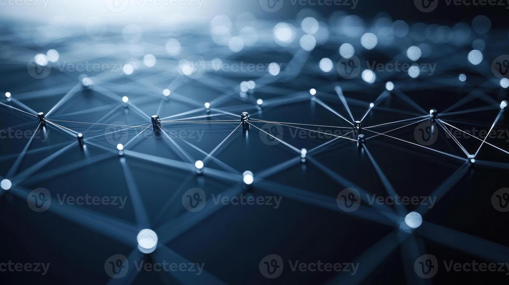 Interconnected nodes are illuminated against a dark background, highlighting a technological network Pro Photo
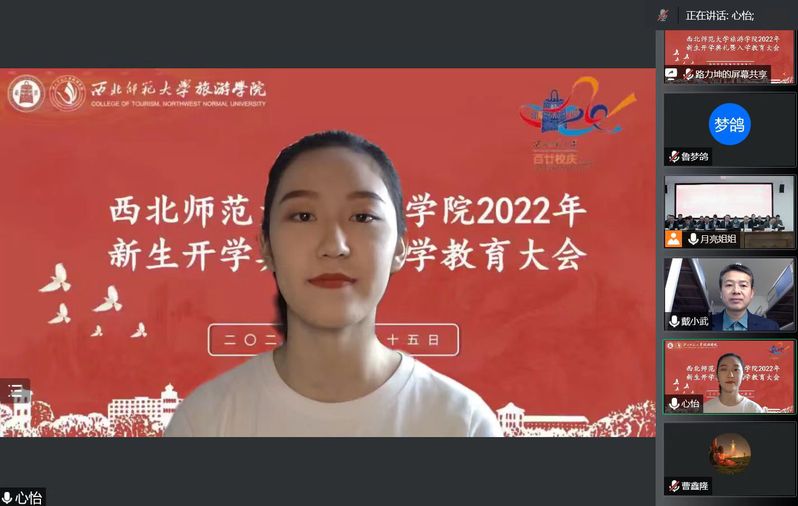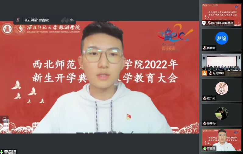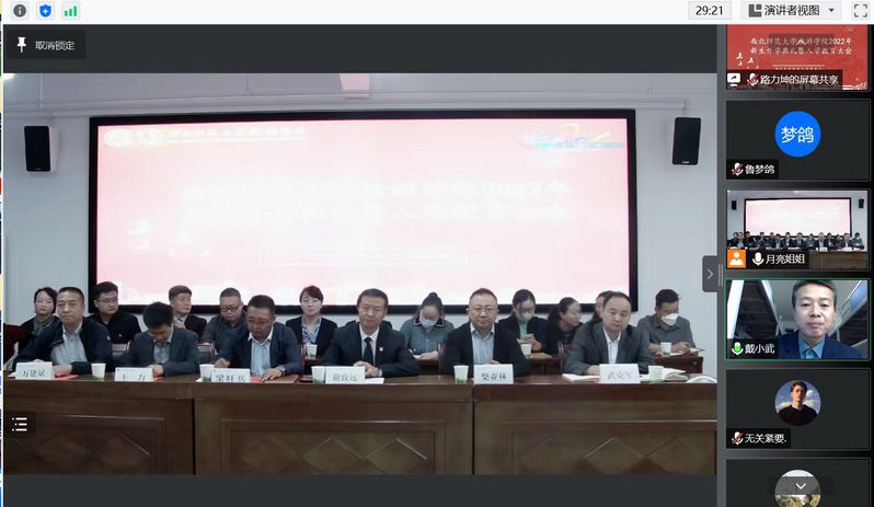 鉴于目前的疫情防控形势,本次开学典礼采用线上线下结合的方式举行,线下设置在文科实训楼904会议室会场,并通过腾讯会议线上直播。300余名新生通过腾讯会议参会。
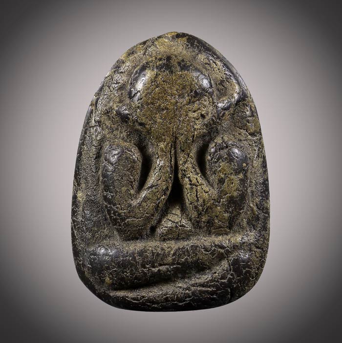 (วัดใจ)พระปิดตา เนื้อผงคลุกรัก (ไม่ทราบที่) สภาพเก่ามีอายุ ขนาดฐาน 2cm สูง 2.8cm |

▶ [Assignment]: Repeat the data exactly as written, but without the pictures.

▶ [Response area]:
 Interconnected nodes are illuminated against a dark background, highlighting a technological network Pro Photo
 鉴于目前的疫情防控形势,本次开学典礼采用线上线下结合的方式举行,线下设置在文科实训楼904会议室会场,并通过腾讯会议线上直播。300余名新生通过腾讯会议参会。
 (วัดใจ)พระปิดตา เนื้อผงคลุกรัก (ไม่ทราบที่) สภาพเก่ามีอายุ ขนาดฐาน 2cm สูง 2.8cm |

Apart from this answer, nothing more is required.